GOAL OF THE EXERCISE →
Could you print exactly the lines of the listing below, starting at the line that has "Some pictures of Mashroom unit" and ending at the line that has "Image: The cart's", and only those lines?

DATA RECORDS →
+ + + + +

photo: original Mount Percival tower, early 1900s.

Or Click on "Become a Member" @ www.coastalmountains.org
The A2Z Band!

+ + + + +

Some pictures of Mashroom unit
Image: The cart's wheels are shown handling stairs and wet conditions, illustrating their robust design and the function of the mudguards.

+ + + + +

EXERCISE RESPONSE →
Some pictures of Mashroom unit
Image: The cart's wheels are shown handling stairs and wet conditions, illustrating their robust design and the function of the mudguards.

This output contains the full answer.